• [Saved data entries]
#####

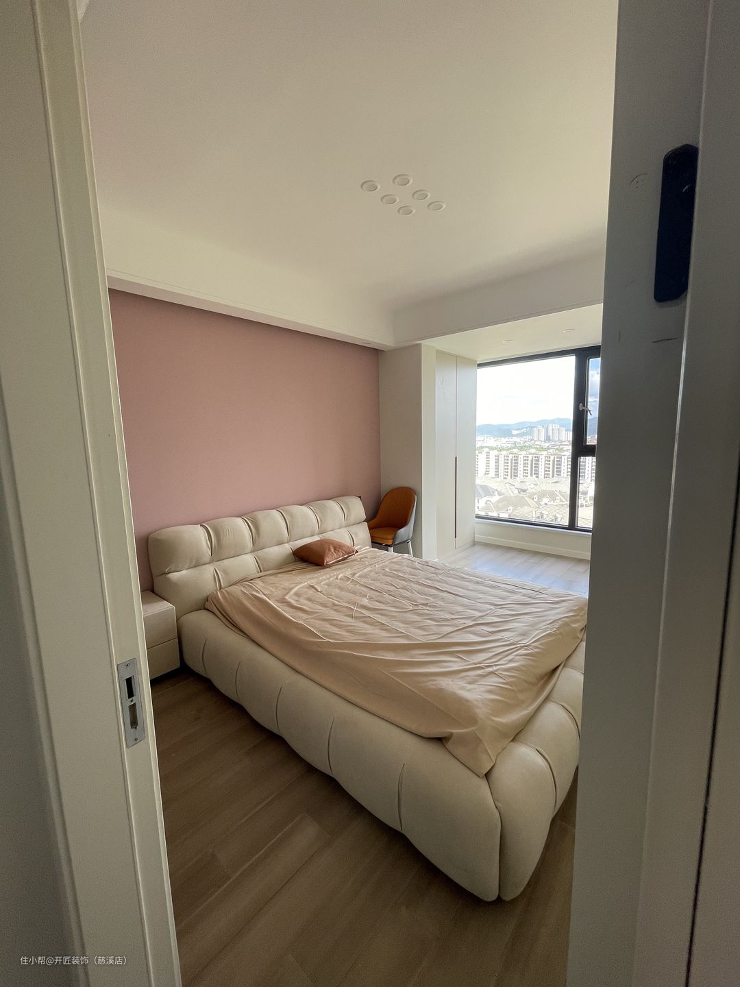 嗯,从房门看进去,一眼就知道是女儿房,粉色的背景,有写字桌、书柜;阳台同样纳入了房间,衣柜设置在阳台的两侧
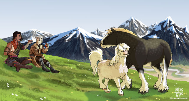 #arpg #characters #commission #equine #equineart #horse #horseart #mountains #rider #splash #harpg #haspar #morenezen
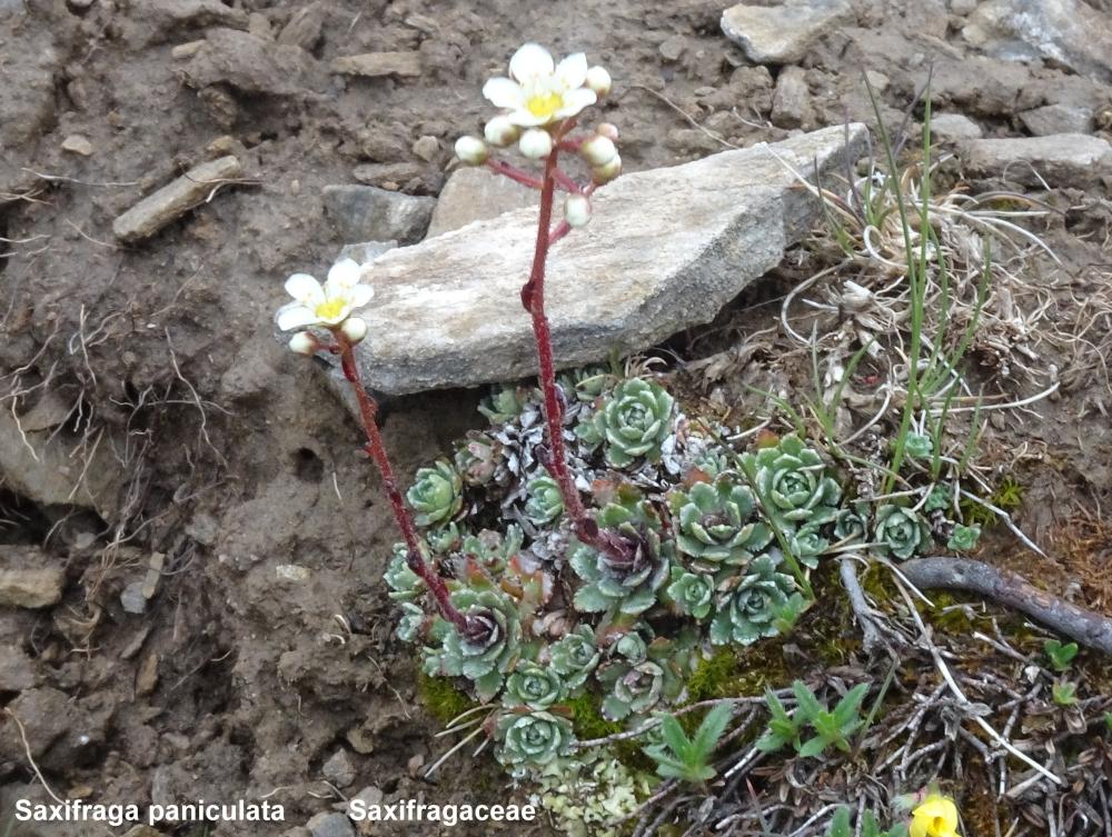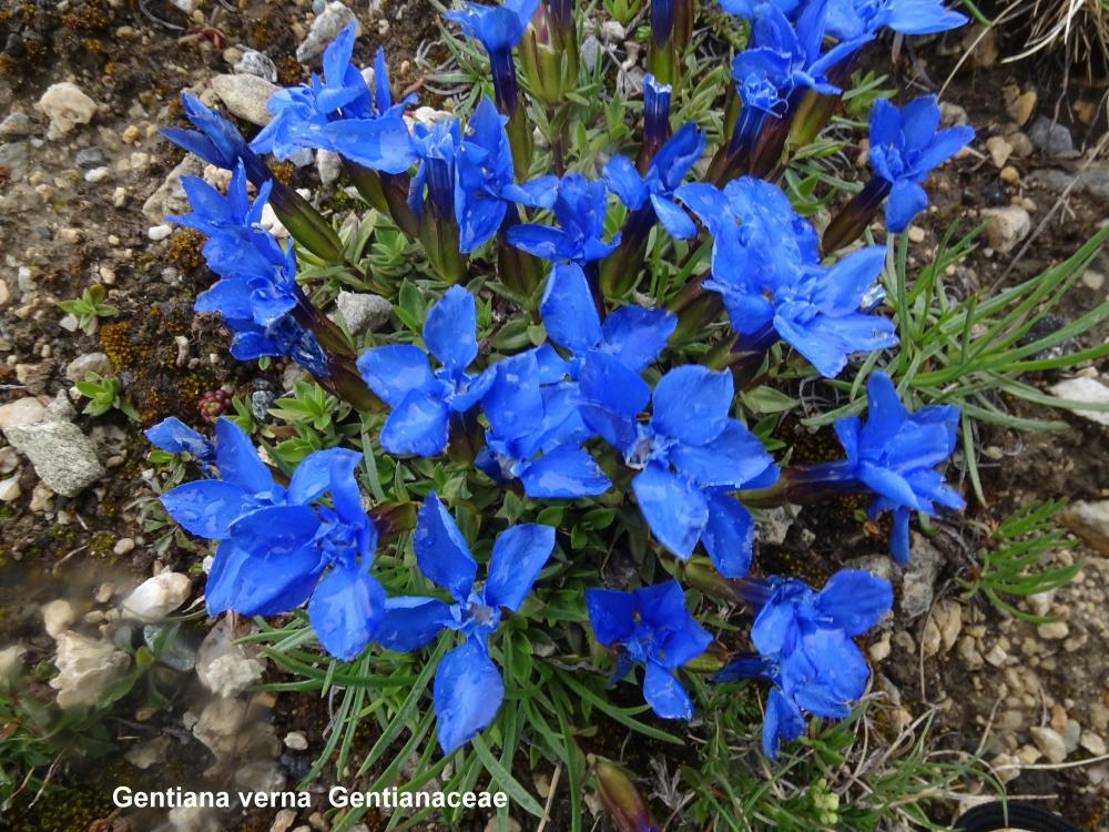 Nous cheminons par un sentier au milieu de prairies et pierriers couverts de Gentiana verna et acaulis, Androsace adfinis subsp. Puberula et vitaliana, Phyteuma globulariifolium subsp. Pedemontanum…….
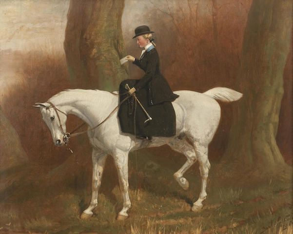White mare with a lady riding sidesaddle, hiding a love letter in a tree
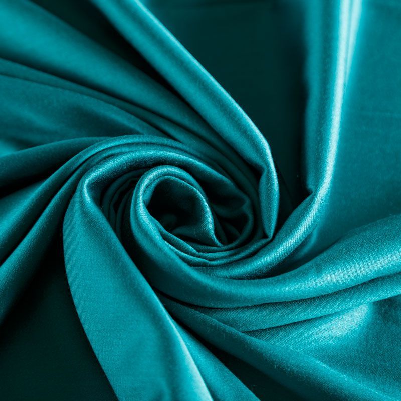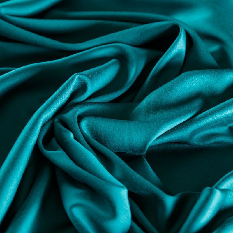 Плательно-блузочный штапель с добавлением шелка в изумрудном оттенке. Мягкий, нежный, пластичный, шелковистый на ощупь, хорошо драпируется, практичный, тянется за счет эластана в составе. Особенно актуален летом, он очень легкий, обволакивающий прохладой. Идеален для пошива летней детской одежды, сарафанов, платьев, юбок, блузок, домашней одежды: халатов, ночной пижамы.
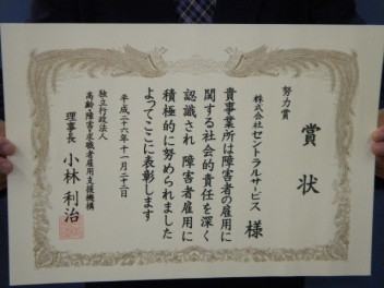 平成26年度障害者雇用優良事業所表彰を受賞しました
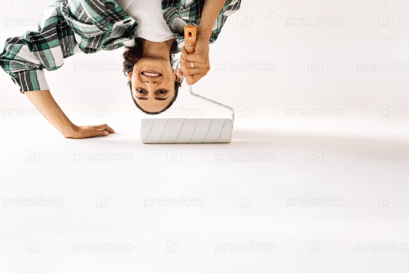 Молодая женщина в повседневной одежде красит стену дома. Вид снизу. Очаровательная девушка держит валик. Счастливая брюнетка делает ремонт квартиры
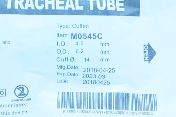 - SourceMark M0545C Preformed Oral Tracheal Tube, Cuffed 4.5mm ID 6.2mm OD
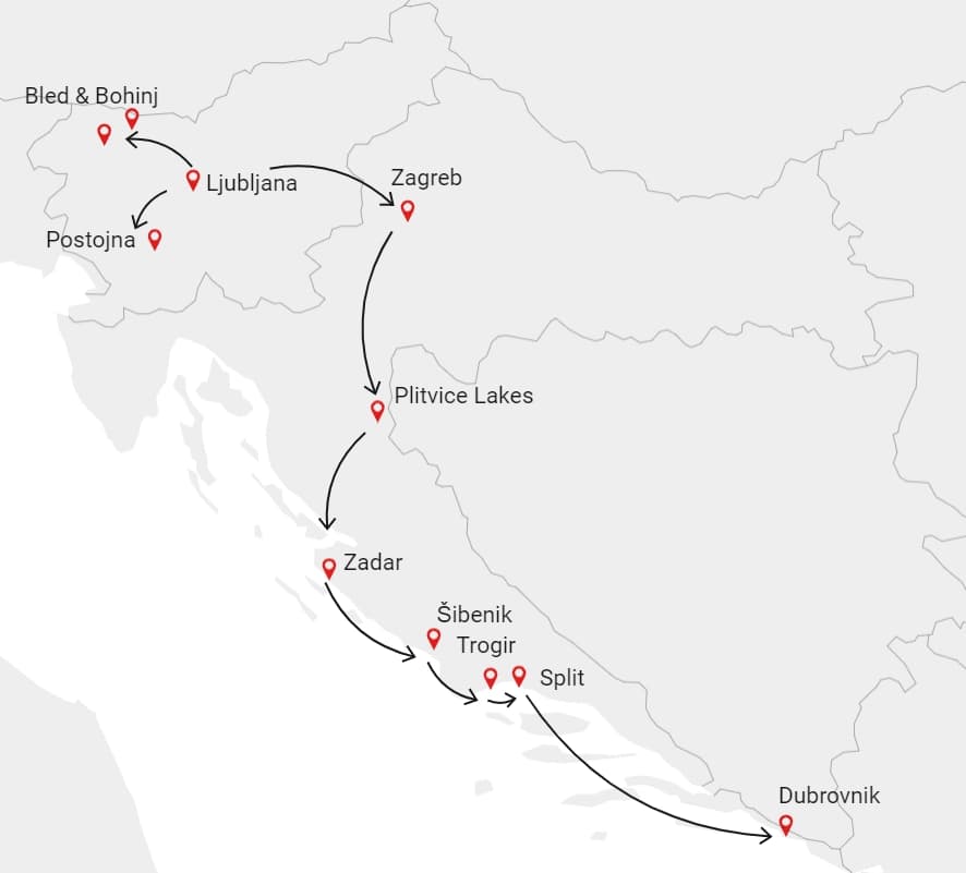 Bli med oss på en ukelang Balkanferie til Slovenia og Kroatia, den korteste av Balkan-reiser og turer, og få en omfattende omvisning i de to landene. Fra fjellrike Triglav nasjonalpark og livlige hovedsteder til spektakulære kystbyer langs Kroatias kystlinje, vil uken din være over på et blunk, men minnene fra de fantastiske stedene du besøker vil være med deg for alltid.
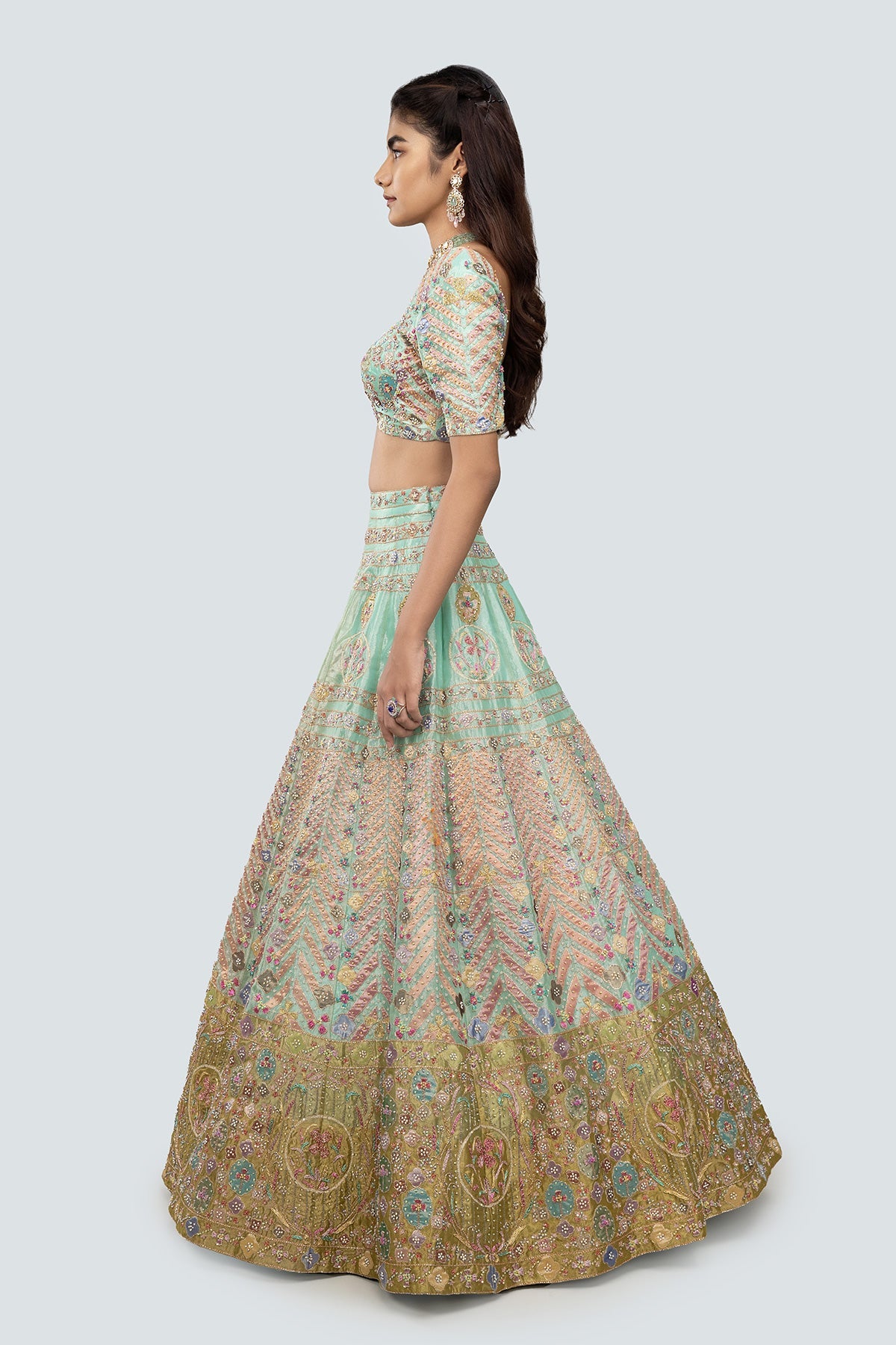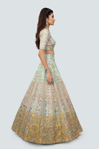 Multicoloured embellised heavy kali tissue lehenga with blouse and net dupatta with border.
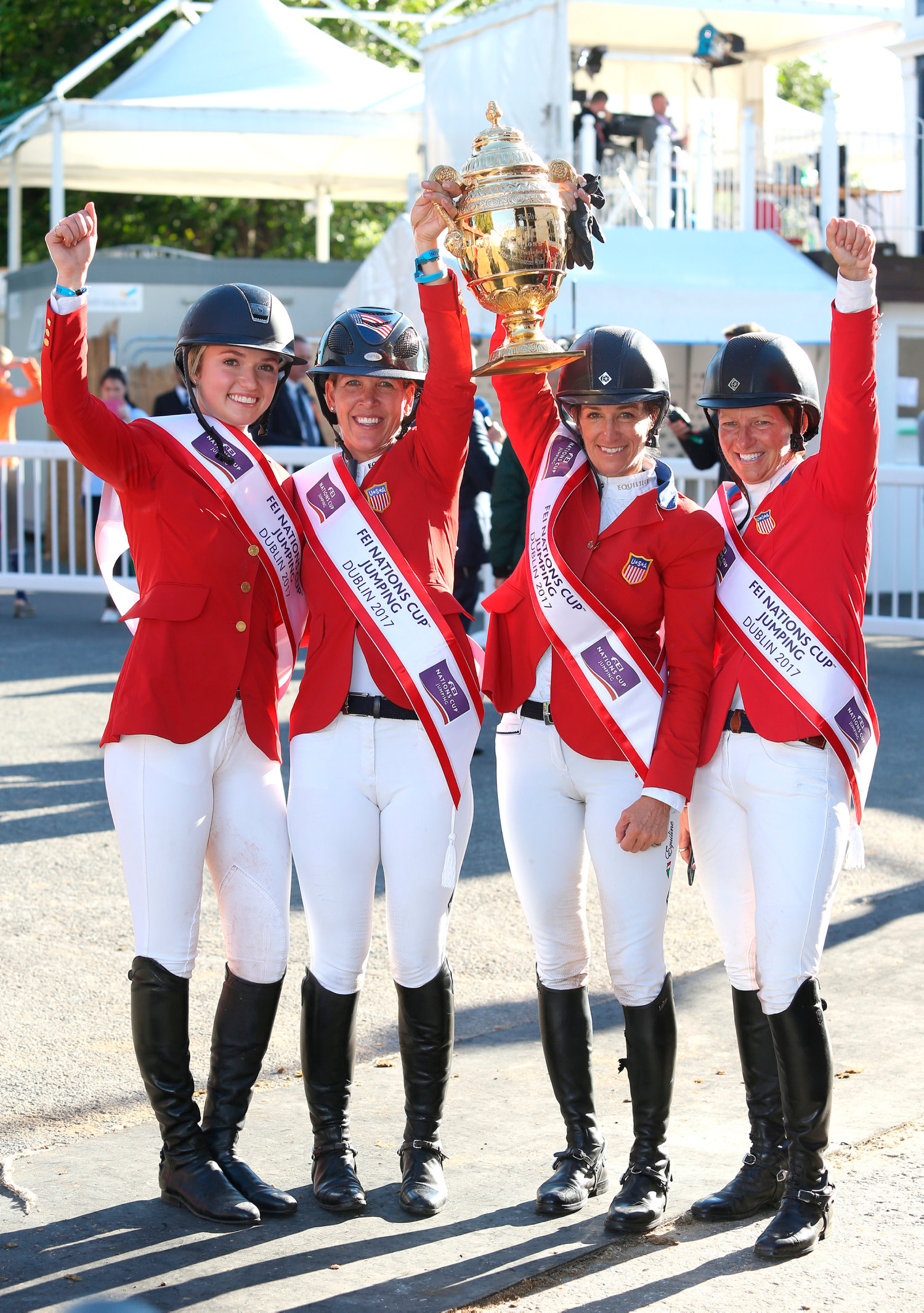 This was the first all-female team triumph in the 91-year history of Nations Cup Jumping competition for the world-famous Aga Khan Cup at the Dublin Horse Show in Dublin, Ireland.
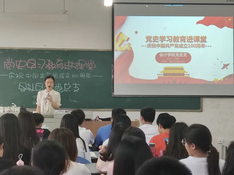 为庆祝中国共产党成立一百周年会计学院党总支精心组织开展党史学习教育进课堂活动。月已开展次活动教师党员杨爱香、顾永菊、罗婷分别作为主讲人级、级学生参与此次活动。月日杨爱香在行政楼给级会计学班的同学讲述了与党和国家共命运的老会计张同辉的故事。月日顾永菊在行政楼给级会计学班的同学讲述了中共一大与南湖红船的故事。月日罗婷在行政楼给级审计学班的同学讲述了党旗下的财政征程、红色税收肇始的故事。通过这些微党课的
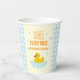 One lucky duck! First birthday featuring a rubber duck and bubbles against a light blue gingham and pale yellow background with orange text
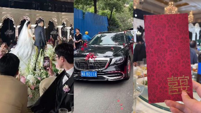 വരനും വധുവിനും അതിഥികള് പണം, ചുവപ്പ് നിറമുള്ള കവറിലാക്കി നല്കുന്നത് ചൈനീസ് വിവാഹങ്ങളിലെ പരമ്പരാഗതമായ ചടങ്ങാണ്. എന്നാല് വധൂവരന്മാര് അതിഥികളില് നിന്ന് പണം സ്വീകരിച്ചില്ല. പകരം പണം നിറച്ച ചുവപ്പ് കവര് ഇവര് അതിഥികള്ക്ക് സമ്മാനിച്ചു. ഓരോ കവറിലും ഏകദേശം 66,700 രൂപയാണുണ്ടായിരുന്നത്. ഓരോ ടേബിളിലും വീണ്ടും കവറുകള് വെച്ചിരുന്നു. കൂടുതല് പണം ആവശ്യമുള്ളവര്ക്ക് ആ കവറുകള് എടുക്കാനുള്ള സൗകര്യവുമുണ്ടായിരുന്നു.
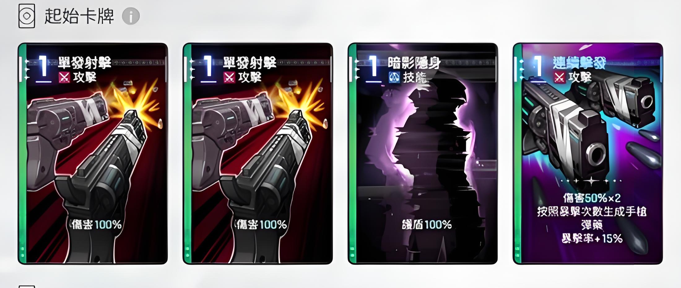 3、卡牌配置实用,一费暗影隐身技能生成护盾提升存活率,初始攻击卡保证稳定输出,灵光一闪机制可赋予卡牌新效果,攻防需求均能满足。
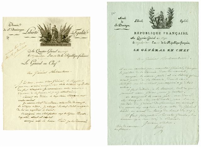 Au Q.G. du Cap 25 prairial (14 juin) (…) Menez tous les colons avec rigueur, il ne faut pas que ces misérables nous entravent, que ceux qui ne nous ont point été utiles sachent qu'ils n'ont point le droit de nous être nuisibles. Vous connaissez l'arrestation de Toussaint, Dessalines était ici lorsqu'on nous a rendu compte, je suis assez content de lui, il vous servira bien pour le désarmement. (…) Tâchez de vous saisir de la personne de La Fortune et de celle de l'Amour d'Arance, qu'ils se rendent au Port au Prince sous quelque prétexte, faites les embarquer furtivement sur un bâtiment et envoyez les moi au Cap, avec ordre au capitaine de ne les débarquer que par mon ordre, il est bon que ces hommes disparaissent de la colonie …

#####

• [YOUR INSTRUCTIONS] Within these entries, output exactly the lines starting at the one with "#arpg #characters #commission" and finishing at the one with "One lucky duck!". Leave pictures out of the output.

• [SOLUTION TO THIS TASK]
 #arpg #characters #commission #equine #equineart #horse #horseart #mountains #rider #splash #harpg #haspar #morenezen
 Nous cheminons par un sentier au milieu de prairies et pierriers couverts de Gentiana verna et acaulis, Androsace adfinis subsp. Puberula et vitaliana, Phyteuma globulariifolium subsp. Pedemontanum…….
White mare with a lady riding sidesaddle, hiding a love letter in a tree
 Плательно-блузочный штапель с добавлением шелка в изумрудном оттенке. Мягкий, нежный, пластичный, шелковистый на ощупь, хорошо драпируется, практичный, тянется за счет эластана в составе. Особенно актуален летом, он очень легкий, обволакивающий прохладой. Идеален для пошива летней детской одежды, сарафанов, платьев, юбок, блузок, домашней одежды: халатов, ночной пижамы.
 平成26年度障害者雇用優良事業所表彰を受賞しました
 Молодая женщина в повседневной одежде красит стену дома. Вид снизу. Очаровательная девушка держит валик. Счастливая брюнетка делает ремонт квартиры
 - SourceMark M0545C Preformed Oral Tracheal Tube, Cuffed 4.5mm ID 6.2mm OD
 Bli med oss på en ukelang Balkanferie til Slovenia og Kroatia, den korteste av Balkan-reiser og turer, og få en omfattende omvisning i de to landene. Fra fjellrike Triglav nasjonalpark og livlige hovedsteder til spektakulære kystbyer langs Kroatias kystlinje, vil uken din være over på et blunk, men minnene fra de fantastiske stedene du besøker vil være med deg for alltid.
 Multicoloured embellised heavy kali tissue lehenga with blouse and net dupatta with border.
 This was the first all-female team triumph in the 91-year history of Nations Cup Jumping competition for the world-famous Aga Khan Cup at the Dublin Horse Show in Dublin, Ireland.
 为庆祝中国共产党成立一百周年会计学院党总支精心组织开展党史学习教育进课堂活动。月已开展次活动教师党员杨爱香、顾永菊、罗婷分别作为主讲人级、级学生参与此次活动。月日杨爱香在行政楼给级会计学班的同学讲述了与党和国家共命运的老会计张同辉的故事。月日顾永菊在行政楼给级会计学班的同学讲述了中共一大与南湖红船的故事。月日罗婷在行政楼给级审计学班的同学讲述了党旗下的财政征程、红色税收肇始的故事。通过这些微党课的
 One lucky duck! First birthday featuring a rubber duck and bubbles against a light blue gingham and pale yellow background with orange text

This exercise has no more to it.